## ASSIGNED TASK
Go through the data below and transcribe it exactly. Omit the images.

## DATA FOR ANALYSIS
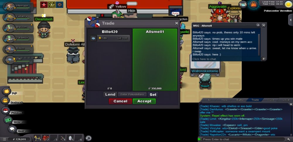 Starting Offer: 300k, Minimum Upbid: 50k, Insta Price: Undecided, (insta based on popularity) Auction Time: 12 hours from first bid. (Note: if you start the auction and do not get a prompt reply, its safe to assume the auction has started from when the offer was posted) Ditto is tier 6, level 100 with 69 EVs in all stats! Good luck and happy bidding
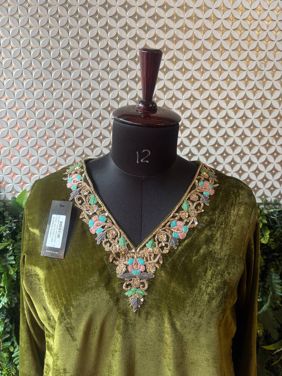 Wrapped in the quiet glow of olive velvet, this Rosaya cord set carries the grace of old-world craft.
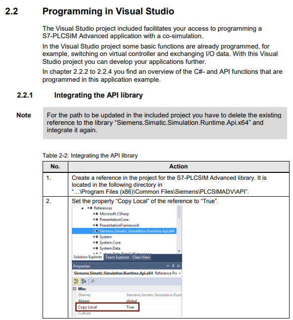 西门子在这里提供了PDF文件中的文档:SIMATIC S7-PLCSIM高级。本文档第2.2节帮助Visual集成。如果URL过时了,下面是与这个问题相关的部分。
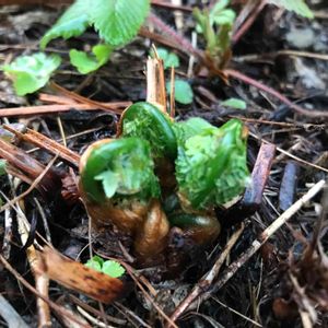 北の山菜畠から。 コゴミがあちこちから顔を出してます。 花は咲きませんが胞子でふえるのか、年々広がってきて嬉しいです。 クセがなく食感が良いので万人受けの山菜だとおもいます。
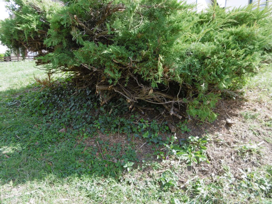 06 Août 2020; Désherbage autour de la Vierge par Ginette.
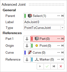 | 零件 1 | 应用高级铰接的零件。此选项仅适用于 PointToCurveJoint。 | ||
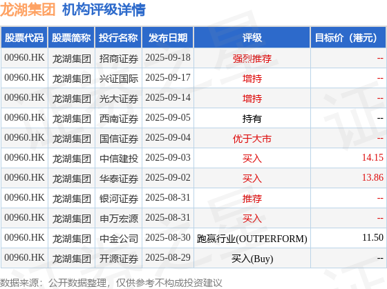 截至2025年10月13日收盘,龙湖集团(00960.HK)报收于10.56港元,下跌0.47%,成交量3490.95万股,成交额3.66亿港元。投行对该股的评级以买入为主,近90天内共有3家投行给出买入评级,近90天的目标均价为13.17港元。招商证券最新一份研报给予龙湖集团强烈推荐评级。

## EXERCISE RESULT
 Starting Offer: 300k, Minimum Upbid: 50k, Insta Price: Undecided, (insta based on popularity) Auction Time: 12 hours from first bid. (Note: if you start the auction and do not get a prompt reply, its safe to assume the auction has started from when the offer was posted) Ditto is tier 6, level 100 with 69 EVs in all stats! Good luck and happy bidding
 Wrapped in the quiet glow of olive velvet, this Rosaya cord set carries the grace of old-world craft.
 西门子在这里提供了PDF文件中的文档:SIMATIC S7-PLCSIM高级。本文档第2.2节帮助Visual集成。如果URL过时了,下面是与这个问题相关的部分。
 北の山菜畠から。 コゴミがあちこちから顔を出してます。 花は咲きませんが胞子でふえるのか、年々広がってきて嬉しいです。 クセがなく食感が良いので万人受けの山菜だとおもいます。
 06 Août 2020; Désherbage autour de la Vierge par Ginette.
 | 零件 1 | 应用高级铰接的零件。此选项仅适用于 PointToCurveJoint。 | ||
 截至2025年10月13日收盘,龙湖集团(00960.HK)报收于10.56港元,下跌0.47%,成交量3490.95万股,成交额3.66亿港元。投行对该股的评级以买入为主,近90天内共有3家投行给出买入评级,近90天的目标均价为13.17港元。招商证券最新一份研报给予龙湖集团强烈推荐评级。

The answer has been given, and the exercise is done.